ANCHOR OCT Surveillance Study Evaluates iVascular's Angiolite Sirolimus-Eluting Stent System
July 17, 2017—The ANCHOR study evaluating 3- and 6-month optical coherence tomographic (OCT) surveillance following percutaneous coronary intervention with the cobalt chromium Angiolite sirolimus-eluting stent system (iVascular) was published by Rishi Puri, MD, et al online ahead of print in Catheterization and Cardiovascular Interventions.
Using quantitative OCT analyses, the investigators explored the healing characteristics of the Angiolite device at 3 and 6 months postimplantation. The investigators noted that preclinical results of the Angiolite device were promising.
As summarized in Catheterization and Cardiovascular Interventions, a total of 103 patients with de novo coronary lesions underwent percutaneous coronary intervention with the Angiolite sirolimus-eluting stent and were randomized 1:3 into two cohorts for angiographic and OCT follow-up, with 28 and 70 patients returning for 3- or 6-month post-PCI surveillance, respectively.

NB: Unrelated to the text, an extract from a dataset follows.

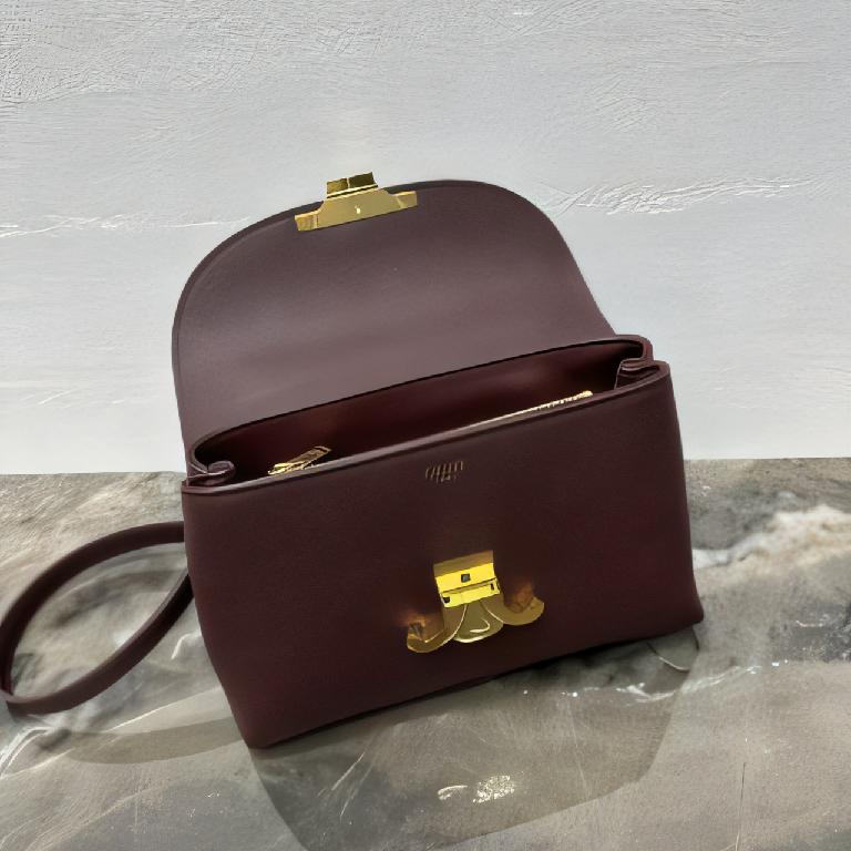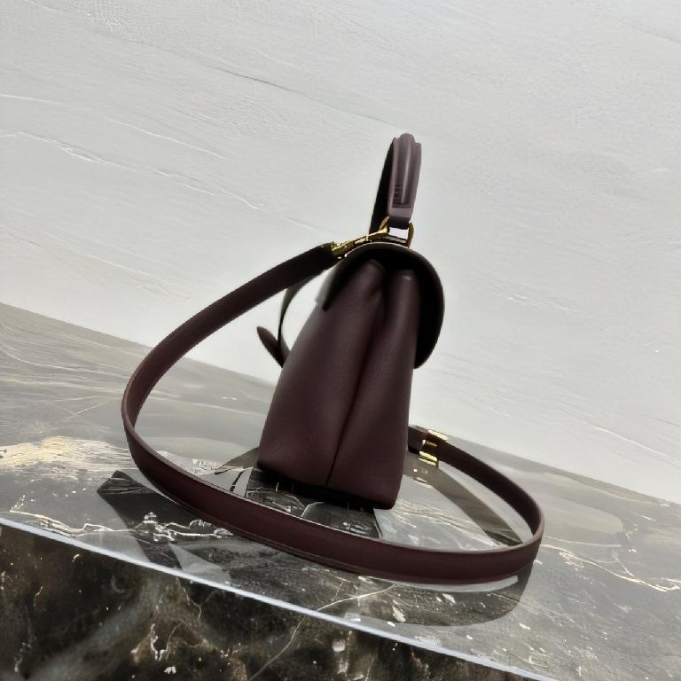 赛琳(Celine)Teen Nino 深勃艮第色柔软粒面小牛皮金色饰面手提单肩包

The primary endpoints were the 6-month rates of OCT-derived neointimal proliferation, strut coverage, and incomplete strut apposition (ISA). The secondary endpoints were 3-month OCT-derived measures of strut coverage and ISA, as well as 6-month quantitative coronary angiography–derived measures (late lumen loss [LLL], binary restenosis).
The investigators reported that the Angiolite stent was successfully implanted in all patients without periprocedural complications. At 3 and 6 months follow-up, OCT strut coverage was evident in 86.3% and 83.3% of struts, mean neointimal thickness was 73.7 ± 46.5 μm and 73.9 ± 54.3 μm, mean neointimal area obstruction of 5.8% ± 10.3% and 4.4% ± 11.3%, and ISA rates were 1.3% ± 7.3% and 1.1% ± 6.2%, respectively. In-stent LLL at 6 months was 0.07 ± 0.37 mm, with a binary in-stent angiographic restenosis rate of 0% without any stent thrombosis, myocardial infarction, or cardiovascular death, with one patient undergoing ischemia-driven target lesion revascularization.
The investigators concluded that at 6 months, the Angiolite sirolimus-eluting stent was safe and had high rates of strut coverage, modest degrees of neointimal hyperplasia, and very low rates of strut malapposition. These data, coupled with the absence of in-stent binary restenosis and a very low 6-month in-stent LLL, point toward an efficacious drug-eluting stent. Future studies are required to evaluate its efficacy in broader lesion subsets with longer follow-up, advised the investigators in Catheterization and Cardiovascular Interventions.